Anyway, many of the comments here completely miss the point about added redundancy and capacity in the core of the system.

And I think the next step in blue line advocacy is suggesting a double tunnel...

Anyway, great find.

But I think most of the stations listed here would be integrated, like the north capitol and H street line. A big whole point of the blue line proposal was to add capacity at Union Station -- VRE and MARC offloading onto the subway really strains the station significantly. As those services expand, this will worsen. Likely the same at Connecticut and M.

And since the map was created, there is more going on in the area north of Mass Ave. so the alignment could be tweaked.

Anyway, it's important to look at this in terms of how it can possibly assist in the positive reshaping of land use. Stations at Bladensburg and Maryland next to Hechinger Mall and River Terrace station, could do that.

by Richard Layman on Sep 5, 2008 4:55 pm • linkreport


There is in fact a pedestrian tunnel running from the north mezzanine at Union Station to H Street. The tunnel is behind the pair of doors on the wall to the right of the station managers kiosk when one steps off the up escalator form the platform. The tunnel is around 500' long. It was built on the assumption that a future arena would be built east of North Capitol Street at H Street. The tunnel is presently being used as field storage for the maintenance and repair of escalator and elevators.

by John R Cambron on Sep 5, 2008 11:45 pm • linkreport

It strikes me as a poor planning technique to use the system diagram to plan subway routes, which gives no real sense of geographic location to the reader, which is important to seeing density and coverage when planning, much more so than when just navigating the city.

I think this is an interesting proposal, like most of the other official ones, but it seems to be dreaming small, and planning only one step at a time, where they should be setting short- and long-term goals, you know, planning.

by The King of Spain on Sep 6, 2008 2:39 pm • linkreport

Good point, King of Spain.

However, I don't think these plans are being crafted by looking at the schematic maps, but rather the schematic maps are used as a means to present the idea. Most people don't interpret the subway based on what streets they're running under, rather they do so by knowing that if I follow that colored line to that dot and get off there, I'll be where I want to go.

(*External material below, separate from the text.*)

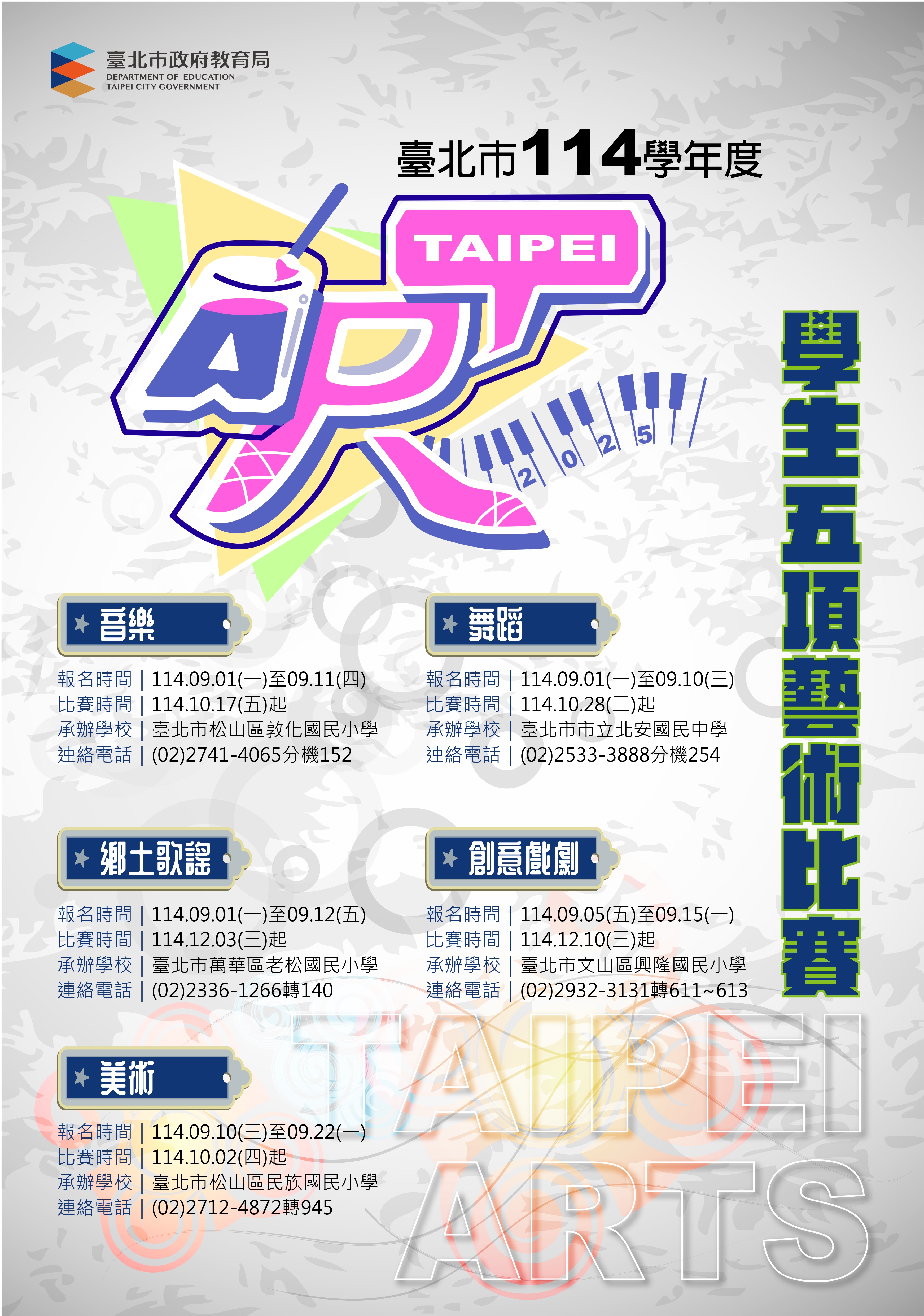 三、比賽日期:確定日期及賽程將於114年9月26日(星期五)公告於臺北市五項藝術比賽網站。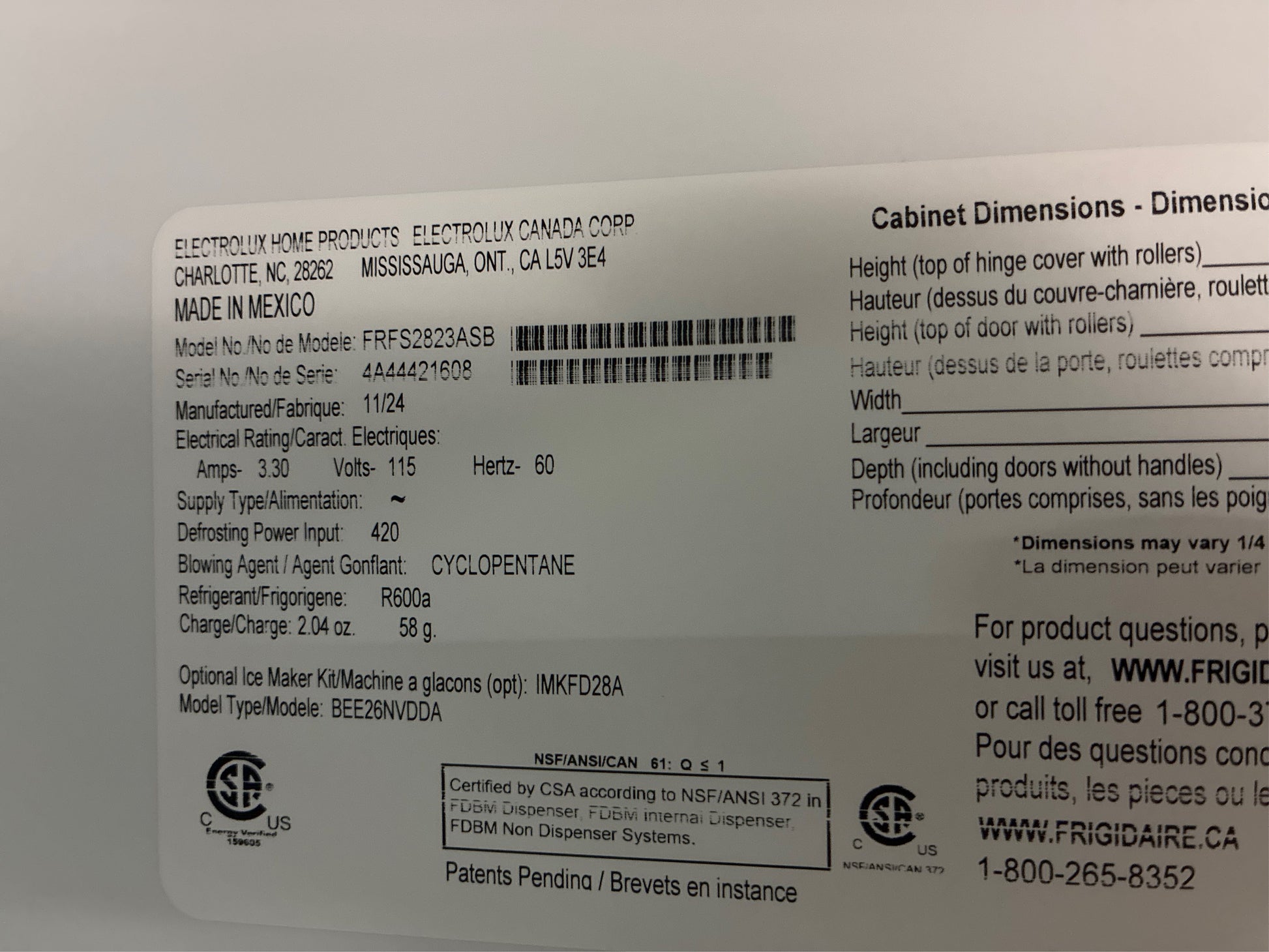 This Frigidaire French door refrigerator helps keep fruits and vegetables fresh longer with CrispSeal crispers which blocks dry air from entering your crisper. Easily stay organized with a full width deli drawer & Large door bin storage. Our large bins offer more door storage, without sacrificing valuable shelf space.. Keep produce fresh longer with our sealed crispers. Large door bin storage. Enjoy safe, great tasting filtered water and ice. Keep produce fresh longer with our sealed crispers. More door bin storage than any other French Door. Enjoy safe, great tasting filtered water and ice. Avoid spoiled food with our auto-close doors. EvenTemp Cooling System. Full Width Deli Drawer. PureAir Ultra II Air Filter. Dual Ice Maker Ready. Energy Star. Sabbath Mode. Front Rollers. Freezer drawer glides out smoothly and fully extends giving you easy access to 2 sliding full-width baskets. Water filter change indicator signal lets you know when the filter needs to be replaced. Compatible with air filter model : FRGPAAF2 . Optional 2nd ice maker sold separately. Compatible with water filter model : HDFPPWFU01 . Click Here for details on the services included with Delivery & Basic Hook-up, Installation options for Major Appliances, and Appliance Return Policy Information . Click here for more information on Electronic Recycling Programs . Appliance Category: Refrigerator. Appliance Series: Not Applicable. Appliance Type: French Door Refrigerator. Built-In and Standard Type: French Door. Color - Appliance Cabinet: Gray. Color - Door Handle(s): Stainless Steel. Color/Finish: Stainless Steel. Color/Finish Family: Stainless Steel. Defrost Type: Auto / Cycle. Dispenser Location: External Water Dispenser. Door Finish: Smooth. Energy Consumption (kWh/year): 717. Energy Efficiency Tier Rating: Tier I. Freezer Capacity (cu. ft.): 8.7 cu ft. Freezer Door Type: Pull Out Drawer. Freezer Features: Incandescent Light Type. Freezer Type: Drawer Freezer. General Features: Hidden Hinge,Incandescent Light Type. Hardware Color/Finish: White. Hardware Color/Finish Family: White. Ice Maker Features: Automatic Ice Level Control/Shutoff. Ice/Water Dispenser: Both. Indoor/Outdoor: Indoor. Installation Depth: Standard Depth. Installation Type: Free Standing. Number of Doors: 3 Door. Number of Drawers: No Drawers. Number of Freezer Baskets/Bins: 1 Basket/Bin. Number of Freezer Shelves: No Shelves. Number of Refrigerator Shelves: 4 Shelves. Operational Features: Fresh Air Filter,Humidity Controlled Crisper,Sabbath Mode. Product Weight (lb.): 352 lb. Refrigeration Dispenser Features: Crushed Ice,Dispenser Control Lock-Out,Filtration Replacement Indicator Light,Water Dispenser,Water Filtration. Refrigerator Capacity (cu. ft.): 27.8 cu ft. Shelf Material - Freezer: No Shelf. Shelf Material - Refrigerator: Glass. Storage Features: Adjustable Door Storage,Deli Drawer,Gallon Door Storage,Slide-Out Fresh Food Shelves,Spill Proof Shelves. Temperature Control Type: External Digital. Total Capacity (cu. ft.): 26.8 cu ft. Water Filter Replacement Model#: FPPWFU01. Certifications and Listings: CSA Listed,Energy Star. Depth (Excluding Handles) (in.): 33.05 in. Depth (Including Handles) (in.): 35.875 in. Depth (Less Door) (in.): 28.75 in. Depth With Door Open 90 Degrees (in.): 47.375 in. Height to Top of Door Hinge (in.): 69.875 in. Height to Top of Refrigerator (in.): 68.625 in. Product Depth (in.): 33.375 in. Product Height (in.): 69.785 in. Product Width (in.): 36 in. Refrigerator Width (in.): 36 in

These kinds of maps are more for a quick snapshot of what service would look like, thus they are quickly intelligible and useful for building public support.

by Alex B. on Sep 6, 2008 7:43 pm • linkreport

i saw this map when the wilson building had their open house a couple weeks ago. it's inspiring to know that somewhere, somehow, in the institutional memory of wmata, someone is thinking of this.

by IMGoph on Oct 30, 2008 12:49 am • linkreport

The reality here is WMATA is working thru the logical states of development. It has worked out nicely for their operations planners that demand has shifted east. shifting half of the blue line trains in the peak hour to the yellow (and they should be just yellow) makes the job of stealing capacity now easy. But someday that borrowed capacity needs to be put back - hense the M Stret Line. Now the problem with the M St line is half of the capacity goes unused - because it shares tracks with the Yellow in VA. this is where the express tracks come in. Depending on how much demand there is for the Silver you could see the Blue and Silver use the new line. Or the silver all by itself if the express track is built. There is room on 66 for it and you could do some combination and build a turn around track east of Ballston. The one nice thing I like about the Silver to M Street is the connection with Union Station. But no matter what is decided the most important thing is flexibility. routing flexibility at Rosslyn to go via orange, blue or silver (exp) or via eye or M street on the western end of these lines, and all options to go to/from New Carroltion or Largo on the eastern end. It is really nice in NY when the E can go via the F or the F via the A or the 2 via the 5. It may be confusing - because as an industry transit people are not good at communicating, but having these options keeps service moving and anyone trying to get home when there is only one track knows the heartache.